*Exercise directions*: Transcribe the data exactly, pictures excluded.

*Dataset section*:
____________
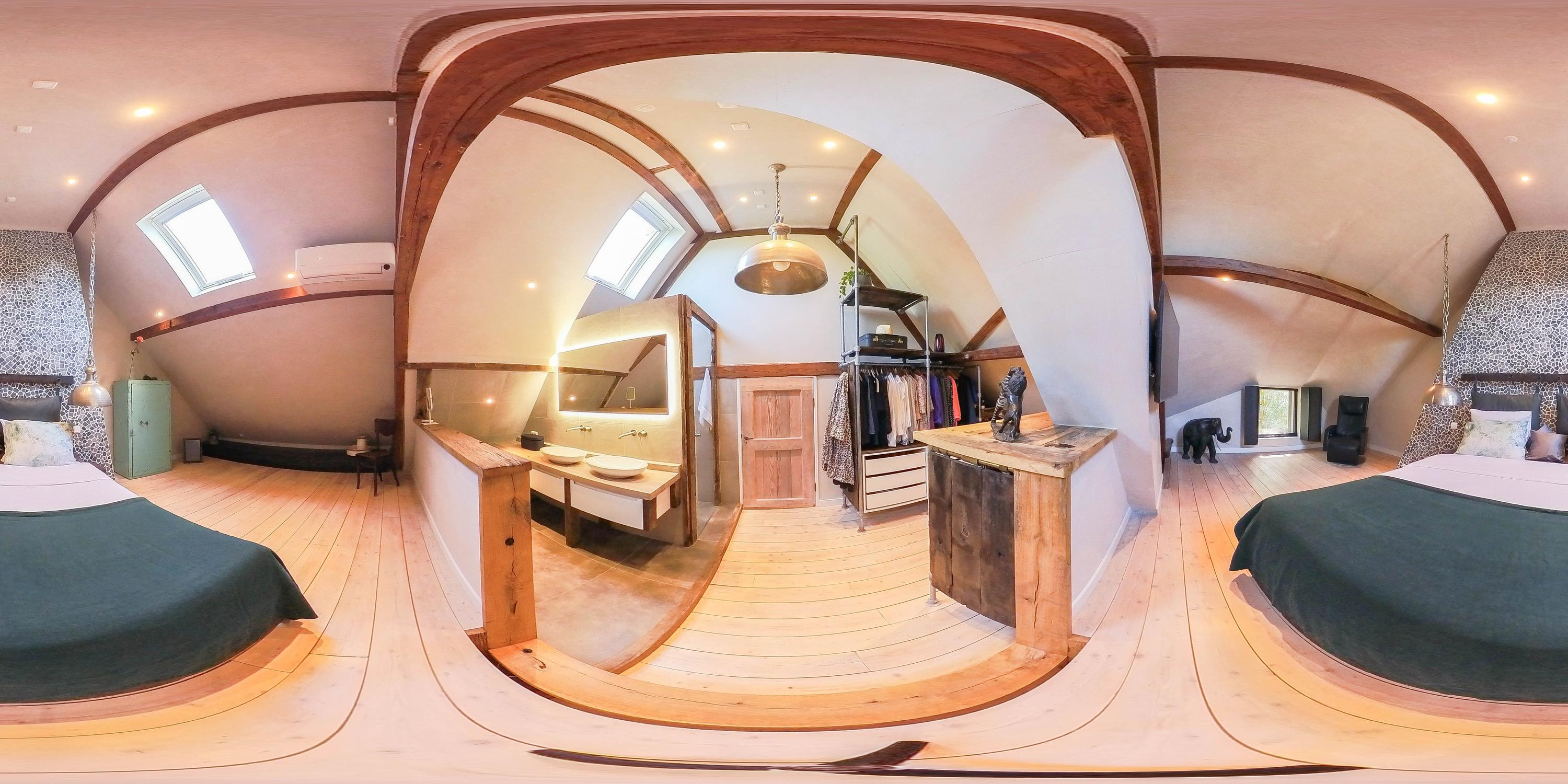 Fraaie trappartij, ruime overloop met dakkapel, apart toilet en inloopkast, riante slaapkamer met 2 nieuwe dakramen badkamer en suite uit 2020 met inloopdouche, 2 wastafels en vloerverwarming, amusementsruimte met biljart en bioscoop, die eventueel ook prima te gebruiken is als slaapkamer en doorgang met loopbrug over het zwembad naar de achterste slaapkamer met houten vloerdelen.
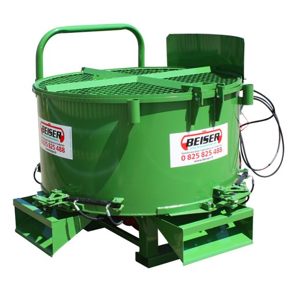 Malaxeur à béton 800 litres - Volume total 1200 litres - Moteur hydro de série - Hauteur 1250mm - Diamètre interieur 1500mm - Hauteur de cuve 730mm - 4 bras / 1 sortie arrière - Fond de ...
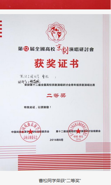 曹松 中共预备党员 化工与材料工程系2015级化学工程与工艺02班团支部书记,校京剧社荣誉社长。 【潜心钻研,传承国粹】 参加第十二届全国大学生京剧研讨会,经过激烈的角逐,表演的折子戏《四郎探母 坐宫》,受到了评委和观众的广泛好评,获国家二等奖。参加武汉市首届“戏曲秀”比赛,获铜奖。武汉市江夏杯第五届京剧票友艺术节大学生专场获“最佳表演奖”、武汉市第五届大学生艺术节获得戏曲组二等奖、2017年湖北省高校戏剧精品展演中荣获湖北省八大“校园戏曲之星”之一。 ![]() ![]() 【发挥作用,屡获嘉奖】 2016年化材系学生会“部门之星”、2016年五四评优 “校级优秀共青团干部”、.2016年双评 “乙等奖学金” “文体活动一等奖” 、2017年化材系“身边好榜样之文艺之星”、2017年五四评优 校级“优秀共青团员”“优秀共青团干部”、2017年10月 入选学院首批艺术人才库、2017年10月 入选学院党员督查团、2017年12月双评 “甲等奖学金” “文体活动一等奖” “三好学生”各类文艺晚会活动积极分子、各类敬老院活动积极分子。 ![]() ![]() 【媒体关注,送戏下乡】 在2018年寒假期间,参加“荆楚红色轻骑兵”黄冈市文联小分队演出。前往浠水县巴河镇邓家墩村、团风县团风镇江宇庙村、罗田县河铺镇牌形地村、蕲春县狮子镇长林村等地,为当地村民演出,获得一致好评。楚天都市报报道了以“高校京剧社社长寒假更忙 每天下乡去送戏”此次活动。 ![]() (责任编辑:admin) |
____________
*Final answer*:
 Fraaie trappartij, ruime overloop met dakkapel, apart toilet en inloopkast, riante slaapkamer met 2 nieuwe dakramen badkamer en suite uit 2020 met inloopdouche, 2 wastafels en vloerverwarming, amusementsruimte met biljart en bioscoop, die eventueel ook prima te gebruiken is als slaapkamer en doorgang met loopbrug over het zwembad naar de achterste slaapkamer met houten vloerdelen.
 Malaxeur à béton 800 litres - Volume total 1200 litres - Moteur hydro de série - Hauteur 1250mm - Diamètre interieur 1500mm - Hauteur de cuve 730mm - 4 bras / 1 sortie arrière - Fond de ...
 曹松 中共预备党员 化工与材料工程系2015级化学工程与工艺02班团支部书记,校京剧社荣誉社长。 【潜心钻研,传承国粹】 参加第十二届全国大学生京剧研讨会,经过激烈的角逐,表演的折子戏《四郎探母 坐宫》,受到了评委和观众的广泛好评,获国家二等奖。参加武汉市首届“戏曲秀”比赛,获铜奖。武汉市江夏杯第五届京剧票友艺术节大学生专场获“最佳表演奖”、武汉市第五届大学生艺术节获得戏曲组二等奖、2017年湖北省高校戏剧精品展演中荣获湖北省八大“校园戏曲之星”之一。 ![]() ![]() 【发挥作用,屡获嘉奖】 2016年化材系学生会“部门之星”、2016年五四评优 “校级优秀共青团干部”、.2016年双评 “乙等奖学金” “文体活动一等奖” 、2017年化材系“身边好榜样之文艺之星”、2017年五四评优 校级“优秀共青团员”“优秀共青团干部”、2017年10月 入选学院首批艺术人才库、2017年10月 入选学院党员督查团、2017年12月双评 “甲等奖学金” “文体活动一等奖” “三好学生”各类文艺晚会活动积极分子、各类敬老院活动积极分子。 ![]() ![]() 【媒体关注,送戏下乡】 在2018年寒假期间,参加“荆楚红色轻骑兵”黄冈市文联小分队演出。前往浠水县巴河镇邓家墩村、团风县团风镇江宇庙村、罗田县河铺镇牌形地村、蕲春县狮子镇长林村等地,为当地村民演出,获得一致好评。楚天都市报报道了以“高校京剧社社长寒假更忙 每天下乡去送戏”此次活动。 ![]() (责任编辑:admin) |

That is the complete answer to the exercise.